Code for generating synthetic text images as described in "Synthetic Data for Text Localisation in Natural Images", Ankush Gupta, Andrea Vedaldi, Andrew Zisserman, CVPR 2016.

Ankush Gupta

Last update: Dec 28, 2022

Related tags

Computer Vision SynthText

Overview

SynthText

Code for generating synthetic text images as described in "Synthetic Data for Text Localisation in Natural Images", Ankush Gupta, Andrea Vedaldi, Andrew Zisserman, CVPR 2016.

Synthetic Scene-Text Image Samples

The code in the master branch is for Python2. Python3 is supported in the python3 branch.

The main dependencies are:

pygame, opencv (cv2), PIL (Image), numpy, matplotlib, h5py, scipy

Generating samples

python gen.py --viz [--datadir <path-to-dowloaded-renderer-data>]

where, --datadir points to the renderer_data directory included in the data torrent. Specifying this datadir is optional, and if not specified, the script will automatically download and extract the same renderer.tar.gz data file (~24 M).
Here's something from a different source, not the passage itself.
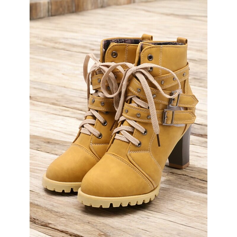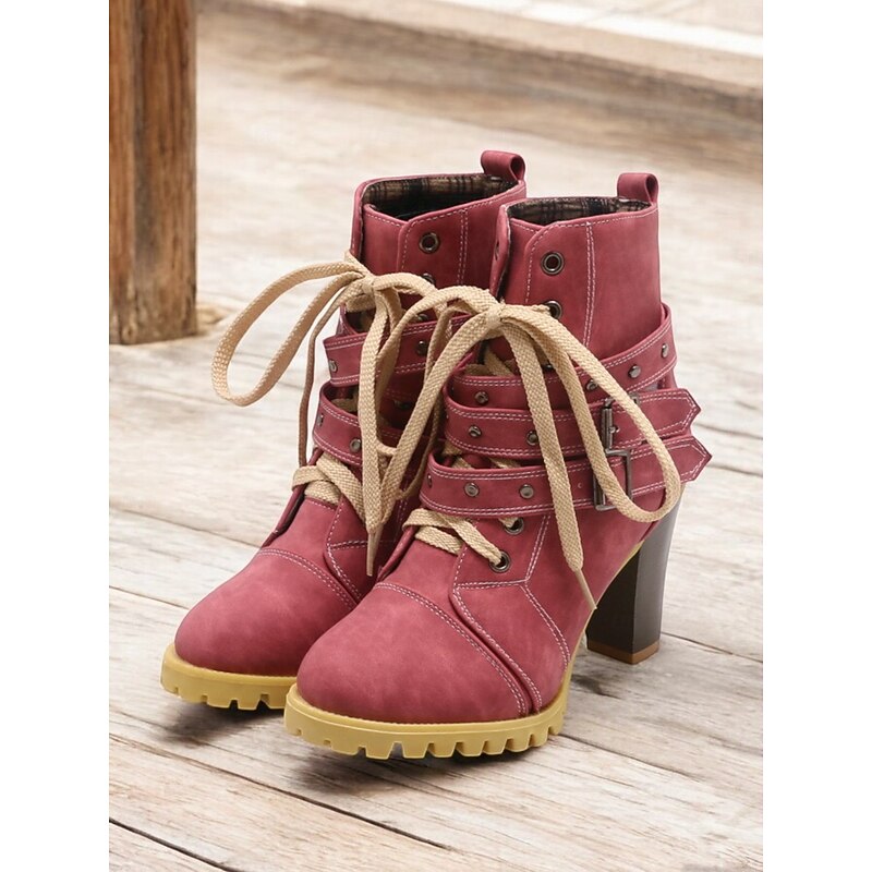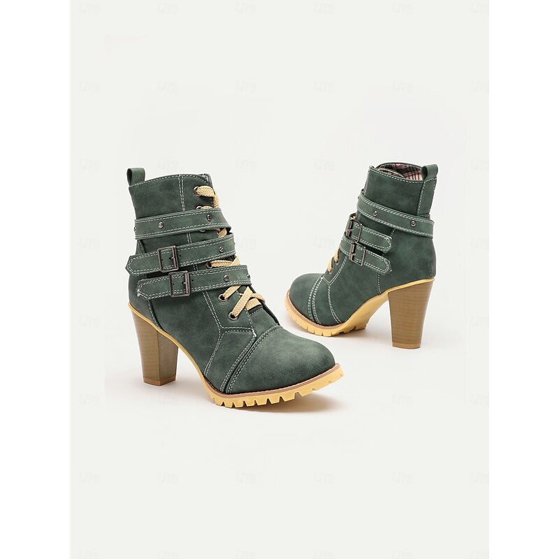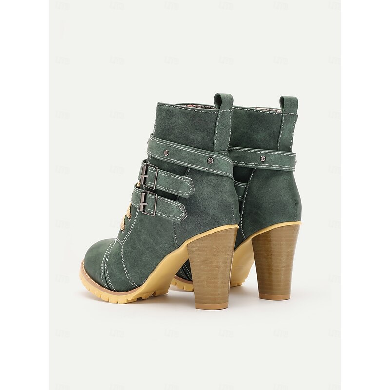 HOT ! Women's Green Buckle Strap Lace-Up Ankle Boots – Chunky Heels and Rugged Sole for Casual and Fall/Winter Fashion

This data file includes:

sample.h5: This is a sample h5 file which contains a set of 5 images along with their depth and segmentation information. Note, this is just given as an example; you are encouraged to add more images (along with their depth and segmentation information) to this database for your own use.
fonts: three sample fonts (add more fonts to this folder and then update fonts/fontlist.txt with their paths).
newsgroup: Text-source (from the News Group dataset). This can be subsituted with any text file. Look inside text_utils.py to see how the text inside this file is used by the renderer.
models/colors_new.cp: Color-model (foreground/background text color model), learnt from the IIIT-5K word dataset.
models: Other cPickle files (char_freq.cp: frequency of each character in the text dataset; font_px2pt.cp: conversion from pt to px for various fonts: If you add a new font, make sure that the corresponding model is present in this file, if not you can add it by adapting invert_font_size.py).

This script will generate random scene-text image samples and store them in an h5 file in results/SynthText.h5. If the --viz option is specified, the generated output will be visualized as the script is being run; omit the --viz option to turn-off the visualizations. If you want to visualize the results stored in results/SynthText.h5 later, run:

python visualize_results.py

Pre-generated Dataset

A dataset with approximately 800000 synthetic scene-text images generated with this code can be found here.

Adding New Images

Segmentation and depth-maps are required to use new images as background. Sample scripts for obtaining these are available here.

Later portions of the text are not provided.